Township in Ohio, US

Sylvania Township is one of the eleven townships of Lucas County, Ohio, United States. As of 2020, the total population was 50,679, making it the second most populous municipality of Lucas County, Northwest Ohio, and the 419 / 567 area codes (behind only Toledo).

The township entirely encompasses the city of Sylvania.
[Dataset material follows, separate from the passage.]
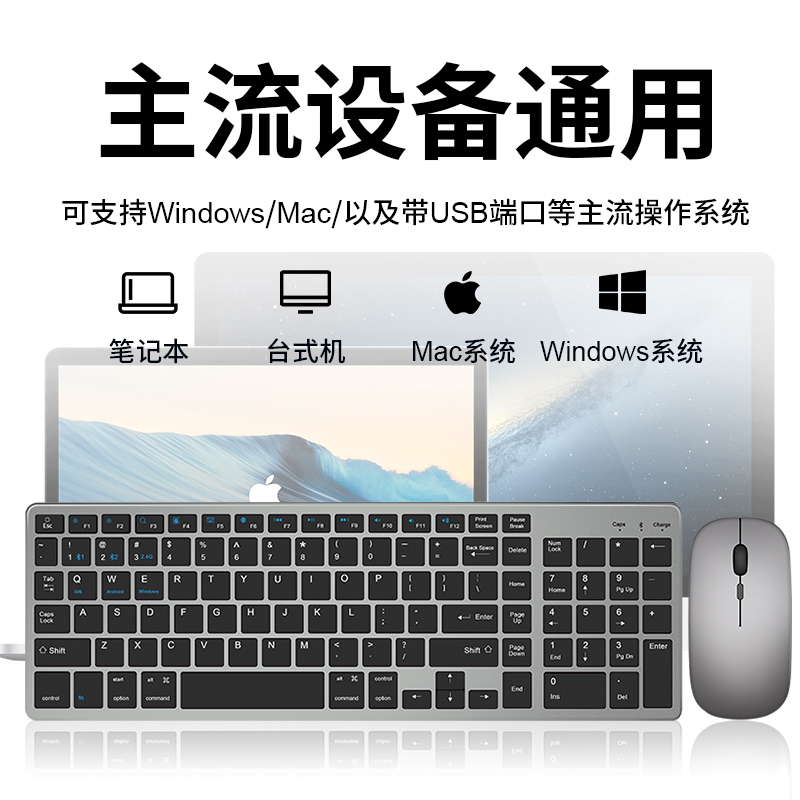 虎克三模蓝牙键盘适用苹果Mac一体机华为笔记本电脑台式鼠标套装

Excluding the city of Sylvania, the remainder of the township had a population of 31,668 in 2020. The township government is under direction of a 3-member Board of Trustees (elected to staggered 4-year terms), an elected Clerk and a full-time Administrator.

==Geography==
Located in the northern part of the county, it borders the following townships and municipalities:
- Whiteford Township, Monroe County, Michigan - north
- Toledo - east
- Ottawa Hills - southeast
- Springfield Township - south
- Spencer Township - southwest
- Richfield Township - west
- Riga Township, Lenawee County, Michigan - northwest

The city of Sylvania lies in northern Sylvania Township.
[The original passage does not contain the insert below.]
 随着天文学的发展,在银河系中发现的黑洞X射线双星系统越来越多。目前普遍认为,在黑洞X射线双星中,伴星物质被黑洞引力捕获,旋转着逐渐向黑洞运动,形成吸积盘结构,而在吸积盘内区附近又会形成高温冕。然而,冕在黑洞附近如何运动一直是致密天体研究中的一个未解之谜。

The Ottawa River and Ten Mile Creek both flow through the township.

==Name and history==
The township was named for its former woodlands, Sylvania being a name derived from Latin meaning "forest land". It is the only Sylvania Township statewide.

==Demographics==
===2020 census===

Sylvania Township racial composition
| Race | Number | Percentage |
|---|---|---|
| White (NH) | 41,231 | 81.4% |
| Black or African American (NH) | 2,129 | 4.20% |
| Native American (NH) | 73 | 0.14% |
| Asian (NH) | 1,899 | 3.75% |
| Pacific Islander (NH) | 10 | 0.02% |
| Other/mixed | 3,294 | 6.50% |
| Hispanic or Latino | 2,043 | 4.03% |

==Government==

Sylvania township is a limited home rule township governed by a three-member board of trustees, who are elected in November of odd-numbered years to a four-year term beginning on the following January 1. ORC Chapter 504. Two are elected in the year after the presidential election and one is elected in the year before it. There is also an elected township fiscal officer, who serves a four-year term beginning on April 1 of the year after the election, which is held in November of the year before the presidential election. Vacancies in the fiscal officership or on the board of trustees are filled by the remaining trustees.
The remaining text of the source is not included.